Fix: Upgrade Metadata Extraction Pipeline to Vision-Language Model (VLM) with GPU Acceleration

Overview

The current metadata extraction pipeline relies on a text-only workflow where raw OCR text is passed to a Gemma model. This approach struggles with complex book layouts, stylized fonts, and non-linear text placements common on book covers and copyright pages.

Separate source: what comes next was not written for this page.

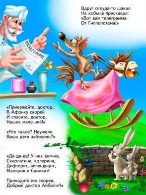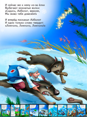Приложение Айболит по всем известной сказке Корнея Чуковского имеет, на первый взгляд, стандартную структуру: страницы-слайды с текстовыми блоками. Вот только в понятие стандарта мы также вкладываем возможность отключить текст и насладиться голосовым повествованием (см. книгу Теремок и ассортимент Детской библиотеки). Тут же вы делаете первое неприятное открытие: озвучки голосом здесь нет (!!), как нет и фоновых мелодий. Без голоса единственным способом изложения действительно остаётся текст, и в том, чтобы лишить юного пользователя возможности его отключить, даже начинает прослеживаться какая-то логика.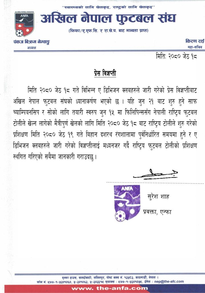 ए डिभिजन क्लबहरुको प्रेस विज्ञप्तीमा एन्फाको ध्यानाकषर्ण भएको जनाउँदै एन्फाले शुक्रबार राष्ट्रिय टोलीको प्रशिक्षण पूर्वनिर्धारित समयमा हुने र त्यसपछि स्थगित गर्ने जनाएको छ । सहिद स्मारक ए डिभिजन लिग चल्दाचल्दै राष्ट्रिय टोलीको प्रशिक्षणका लागि खेलाडी फुकुवा गर्न भनेपछि क्लबहरु एन्फा असन्तुष्ट बनेका थिए ।

Additionally, the current CPU-only setup leads to slow processing times for multi-page PDFs.

Requirements / Goals

Multimodal Support: Enable the LLM to directly analyze page images to better understand visual context and layout.
Performance Optimization: Implement CUDA acceleration for both the OCR engine (EasyOCR) and the LLM (llama-cpp-python) to reduce extraction latency.
Multilingual Accuracy: Maintain or improve extraction quality for Telugu, Hindi, and English text.
Hardware Utilization: Fully utilize available NVIDIA GPU resources within the Docker environment.

Proposed Solution

Model Upgrade: Replace the text-only Gemma model with the Qwen2.5-VL-7B-Instruct Vision-Language Model.
Architecture Update: Modify the extraction pipeline to convert PDF pages to images and pass them as Base64 encoded strings to the VLM using the Chat Completions API.
Environment Overhaul:
- Migration to a CUDA-enabled base image (pytorch/pytorch).
- Compilation of llama-cpp-python with CUDA backend support.
- Configuration of GPU device passthrough in docker-compose.yml.
Auto-Download Logic: Implement robust handling for the two-part VLM architecture (GGUF model + mmproj projector) to ensure the system is "plug-and-play".

Success Criteria

System successfully loads Qwen2.5-VL into GPU VRAM.
Extraction results improve for documents where OCR text is fragmented or noisy.
Processing time per PDF page is significantly reduced compared to the CPU-only baseline.
System remains containerized and easy to deploy with docker-compose.